Anaconda is an open source package management system and environment management system. Conda quickly installs, runs and updates packages and their dependencies. Conda easily creates, saves, loads and switches between environments on your local computer. It was created for Python programs, but it can package and distribute software for any language.

This is the topic for RSS "Virtual Environments" training.

  • Training presentation (pdf)

To be notified about our coming training, please subscribe to our Announcement List.


By default, Conda stores environments and packages within the folder ~/.conda.

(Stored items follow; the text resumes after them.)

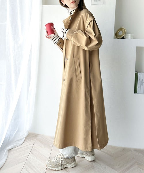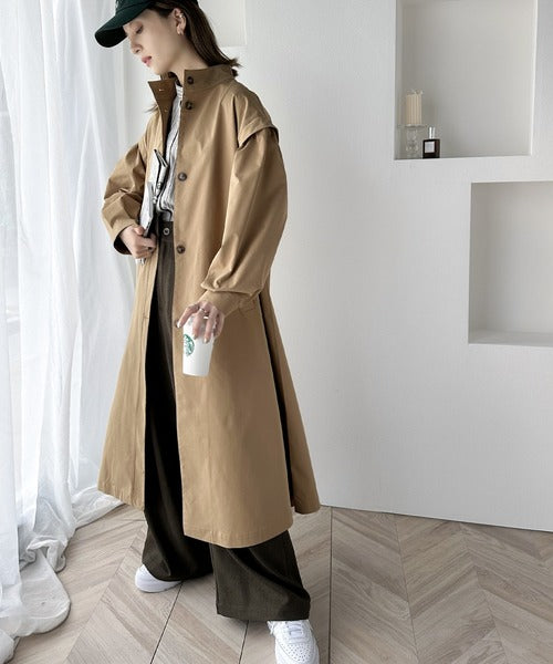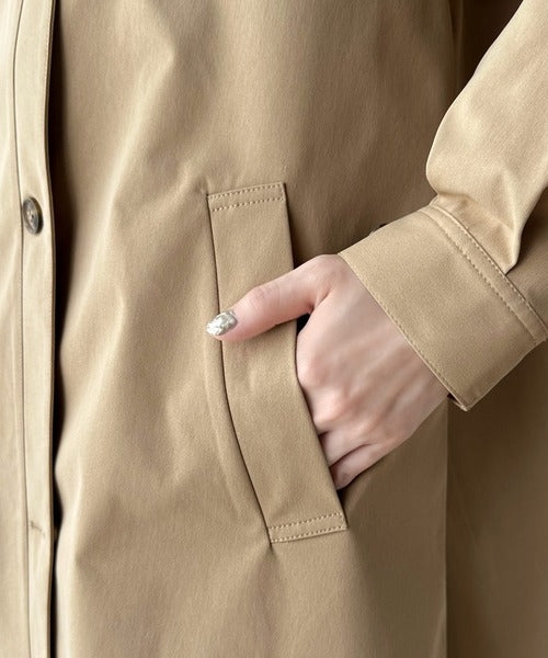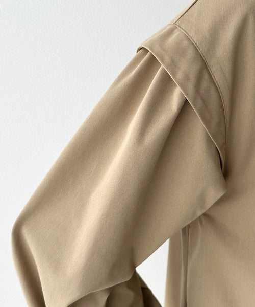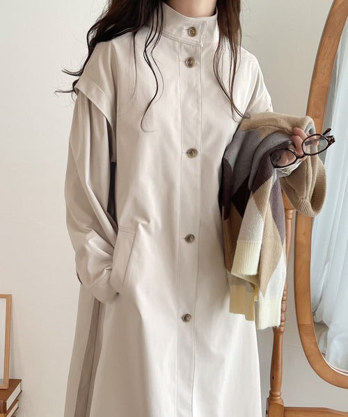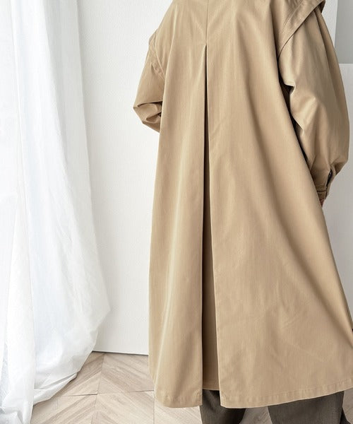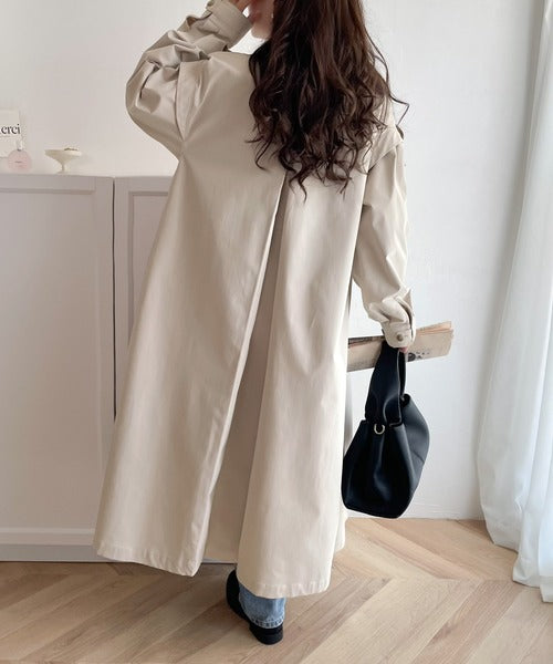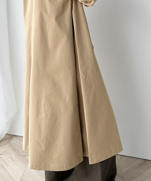 タックのデザインで着用により動きを楽しんで頂ける、ワンピース見えするロングコート。
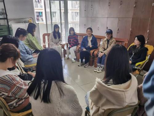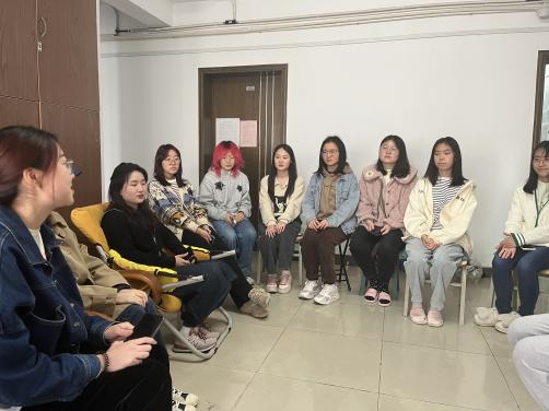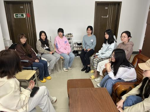 在保研专题分享会上,英语系大四学生张欣怡和徐笑云耐心细致地讲解了保研方面的相关经验和注意事项,包括对夏令营、预推免、推免三种形式的系统介绍,对申报材料准备的建议,对笔试面试准备细节的提醒等等。同学们围坐一圈依次提问,两位学姐逐个耐心解答。
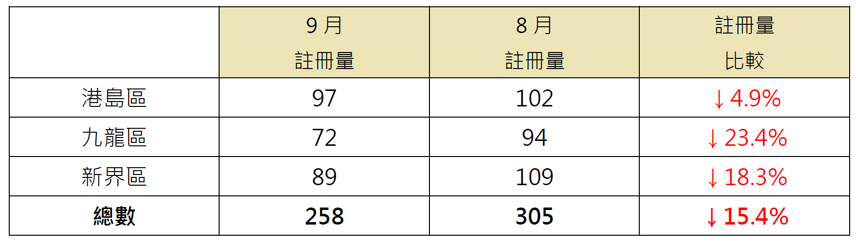 据土地注册处资料显示,9月二手住宅(包括二手私人住宅及二手公营房屋)录2,591宗注册,较8月的2,885宗减少约10.2%;当中逾1,000万元二手住宅9月录258宗注册,较8月的305宗减少约15.4%,按月表现差过大市。鉴于签署买卖合约至递交到土地注册处注册登记需时,9月注册个案一般主要反映8月市况。
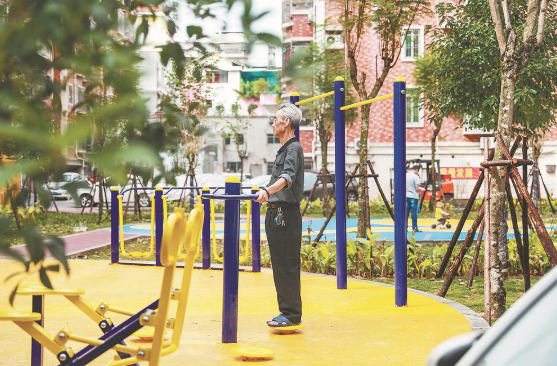 經(jīng)過精細(xì)化改造后煥然一新,成為集兒童游樂、體育健身、休閑漫步于一體的社區(qū)小公園,昔日“臟亂差”的角落如今充滿市民的歡聲笑語,成為城市微更新項(xiàng)目的又一成功范例。色彩明快的塑膠地墊取代了曾經(jīng)的碎石黃土,嶄新的兒童游樂區(qū)內(nèi),排列著滑梯等娛樂設(shè)施。
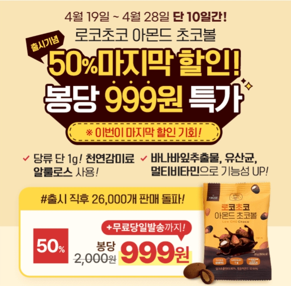 출시기념 마지막50%↓ 로코초코아몬드 999원 특가
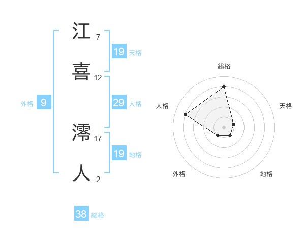 江喜 澪人さんの総格は38画の4点!
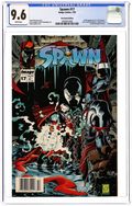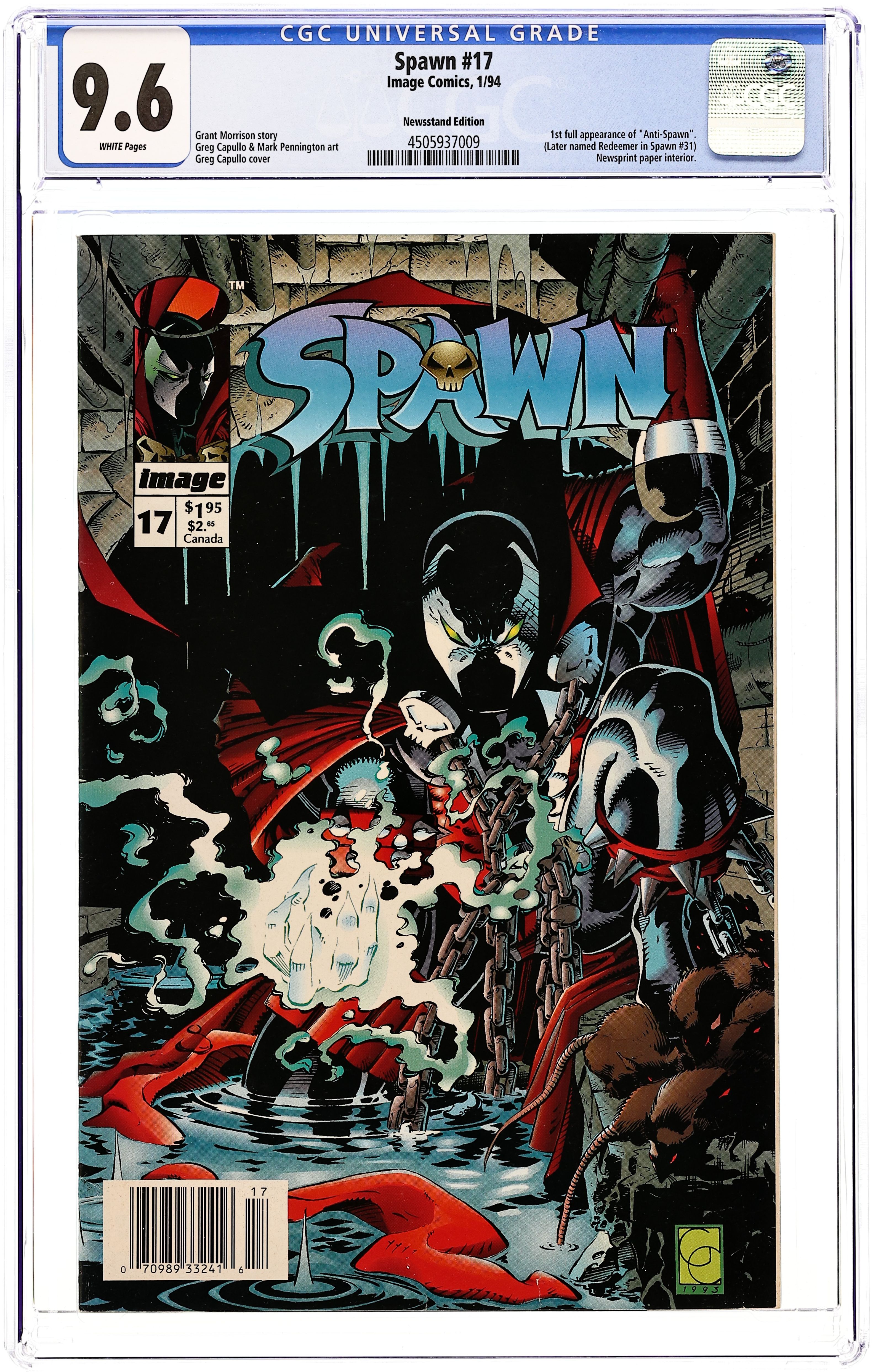 Newsstand Edition. Story by Grant Morrison. Art by Greg Capullo and Mark Pennington. "Reflections!" Part 2 of 3. Spawn was created to be warrior for the armies of hell in the final battle against Heaven. He possesses unimaginable, but finite, power and he has yet to meet his match. Until now. Spawn must battle the Anti-Spawn, a transformed Jason Wynn and instrument of Heaven whose powers rival his own. Includes a 2-page pin-up featuring Spawn vs. Violator. Cover price $1.95. Grade: CGC 9.6 explanation of grade Condition: Used (collectible)
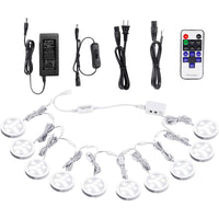Linkable Under Cabinet LED Puck Lights Kit Wall Plug In & Hard Wired Wireless RF Remote Control for Kitchen Counter Closet Accent Lighting @ 2-WAY INSTALLTIONS There can be 2 ways of installations: 1) Wall plug in. 2) Hardwired. The user can easily choose one way to install according to the requirement. @ LINKABLE CONNECTION This creative design of LED under cabinet lighting kit is different from most under cabinet lights which normally use a distributor to achieve parallel connections. This set of cabinet led lights can be linkable, can be connected in both ways: series connection and parallel connections. @ DIMMABLE With a 12V mini RF remote controller, the lights can be easily turned on and off and dimming from 0% to 100%. @ INVISIBLE Low profile aluminum alloy thin puck led lights shell which makes the puck light kit can hardly been inspected after installation until turned on. @ MULTI-FUNCTIONAL PUCK LIGHTING USAGE Suitable for household and residential application like kitchen, under counter, closet, wardrobes, cupboards, dresser, wall, ceiling, cabinet, desk, bed, table, drinks(liquor) cabinet, wine racks, wine cellars, bar counter, TV cabinets, china cabinets, furniture etc. @ SAFE AND SECURE UL listed power adapter, 100-240Vac input, 12Vdc output, safe for touching. @ PACKAGE INCLUDED 10 x 12V LED under cabinet puck light 1 x LED hardwired transformer with wall plug in (AC120 to DC12V) 1 x Distributor 1 x Wireless RF remote controller (including a receiver and a remote) 4 x Extension cable (5ft) 10 x double adhesive sticker 20 x Screw @ EXTENSION CABLE Should you need more extension cords, please refer to the ASIN #B06XG7J9W2. @ REMOTE CONTROL Should you need extra remote control sets, please refer to the ASIN #B01M7TGZ9B.
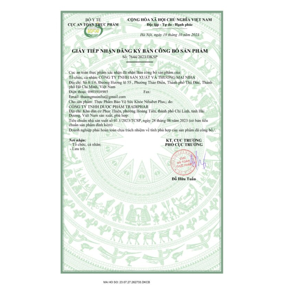 NIHABET PLUS là sản phẩm hỗ trợ cải thiện chỉ số đường huyết dành cho người lớn, chứa các thành phần tự nhiên lành tính và hiệu nghiệm như cao khô Dây thìa canh, Khổ qua, Giảo cổ lam, bột Hoài sơn, Alpha lipoic acid và các loại vitamin như B1, B6. Sản phẩm được thiết kế để hỗ trợ ổn định đường huyết và cải thiện sức khỏe cho những người có chỉ số đường huyết cao.
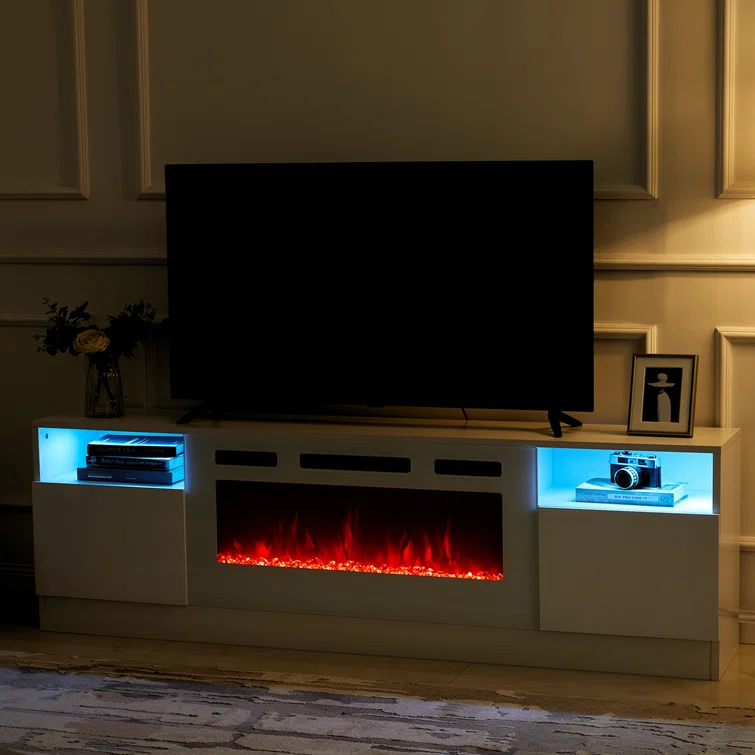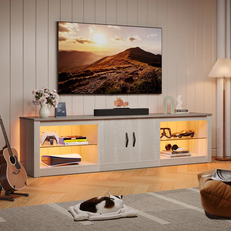 Brandenburg 70 Inch Led TV Stand for 75 Inch TV Large Entertainment Center Gaming with Adjustable Glass Shelves
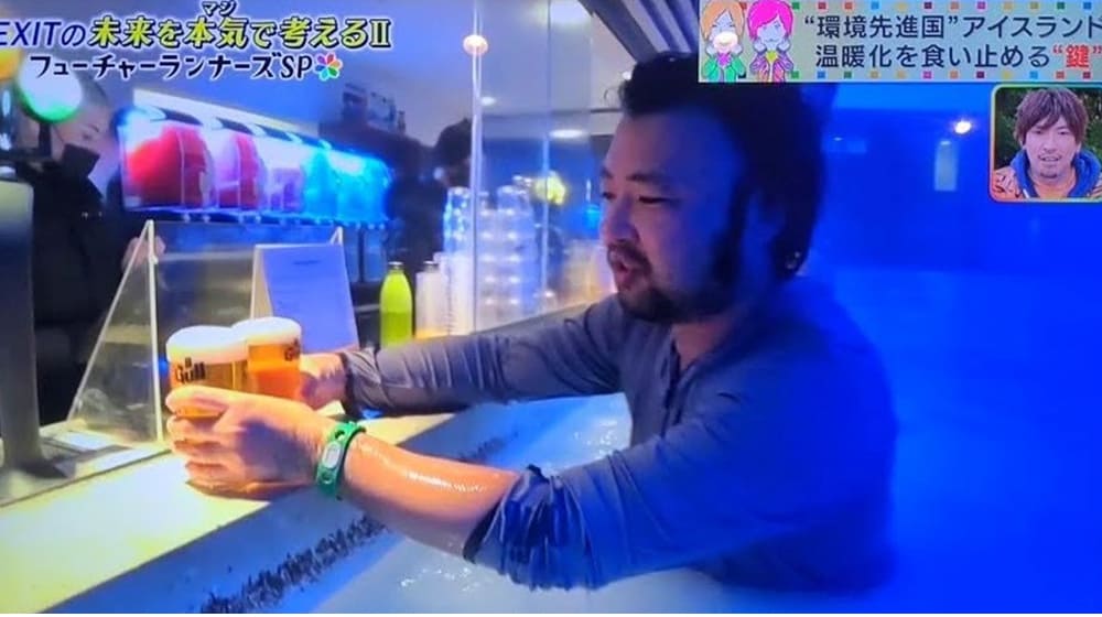 アイスランドの一大観光地「ブルーラグーン」は、発電の際に地下からくみ上げた熱水を再利用した世界最大の露天風呂!8700㎡という広大な敷地に年間100万人以上が訪れます。ディレクターも温水につかってビールをゴクリ!
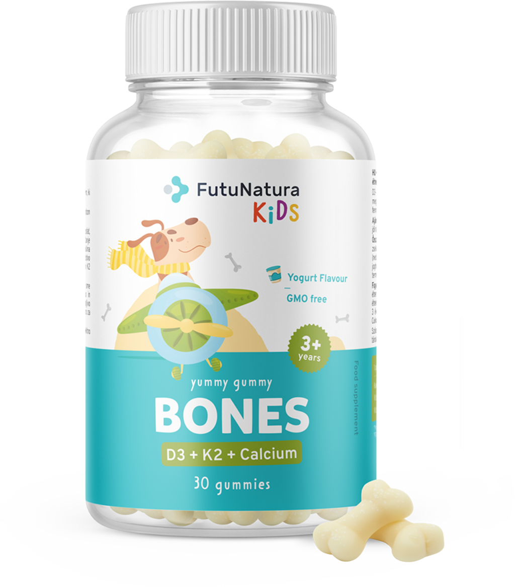 As gomas BONES da FutuNatura foram especialmente desenvolvidas para crianças e oferecem uma combinação de cálcio e das vitaminas D3 e K2. Este suplemento alimentar foi concebido para complementar a ingestão diária de nutrientes do teu filho.
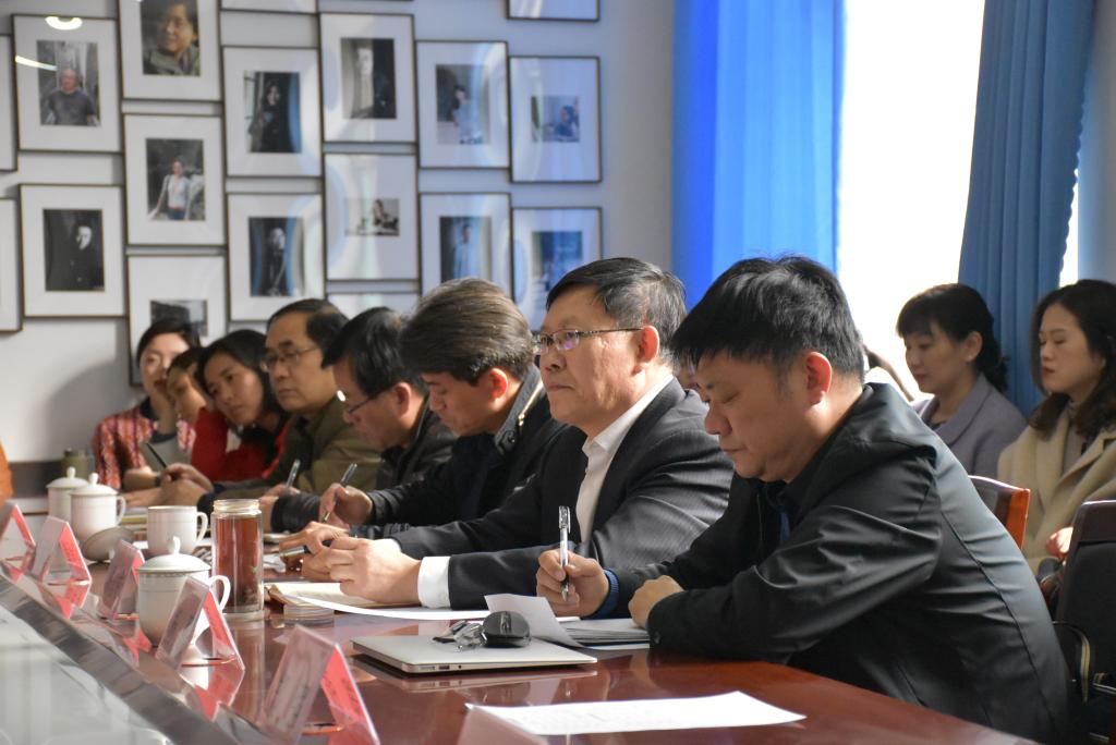 调研中,美术学院副院长杨三军汇报了美术学院的教学工作基本情况和师范类专业认证的进展程度;副院长曹暇汇报了美术学院的目前科研情况和我院在科研方面存在的问题;党总支书记刘增军汇报了美术学院一年来在学风建设和学生就业等方面的相关情况;朱茂刚、王宇宇两位老师分别就获得国家艺术基金立项的经验进行交流;巩艺、刘爽、王官旭等老师分别对学生毕业创作、毕业论文、实验室建设等方面提出意见和建议。
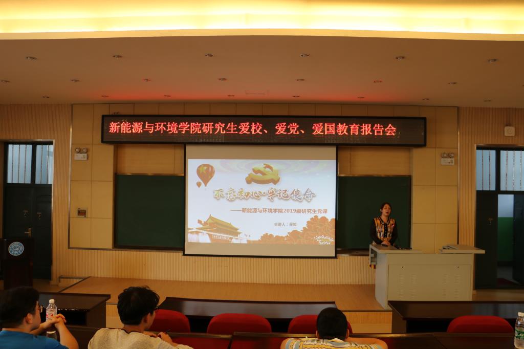 2019年9月6日上午,在北区理一阶报告厅,一色 进行了研究生荣校爱校、党团教育、爱国主义教育的报告会。大会由研究生办公室主任李军老师主持,主管研究生思想政治教育工作的副书记吴哲老师讲解。
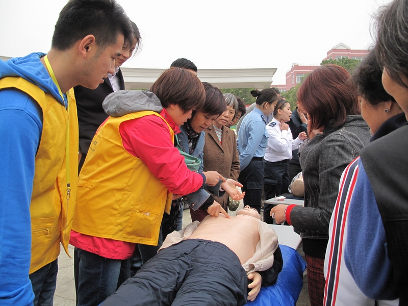 11月9日上午金杨社区“参与社区消防,建设平安家园”为主题的大型消防安全日活动在金杨花园举办,金杨街道红十字会组织街道救护队骨干助阵活动宣传。
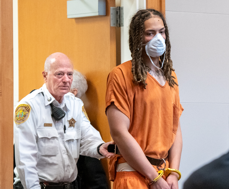 Griffin Oโ€™Neil, accused of being the getaway driver in the May 13 shooting at Elmwood Gardens, being led into court on May 17. According to court documents he was released from prison five days before the Saturday shooting. Photo/Jeffrey Hastings

To avoid using up all of your home folder's quota, which can easily happen when using Conda, we recommend placing the following within the file ~/.condarc. You can create the file if it is not already present. You can also choose a different path, so long as it is not in your home folder.

envs_dirs:
  - /storage/hpc/data/${USER}/miniconda/envs
pkgs_dirs:
  - /storage/hpc/data/${USER}/miniconda/pkgs

These settings can also be changed when creating the Conda environment. See Sharing Environments with Other Lewis Users for an example.

Usage

The version of Anaconda we have available on Lewis is called "Miniconda". Miniconda is a version of Anaconda that only provides the conda command.

First, you will want to make sure that you are running in a compute job.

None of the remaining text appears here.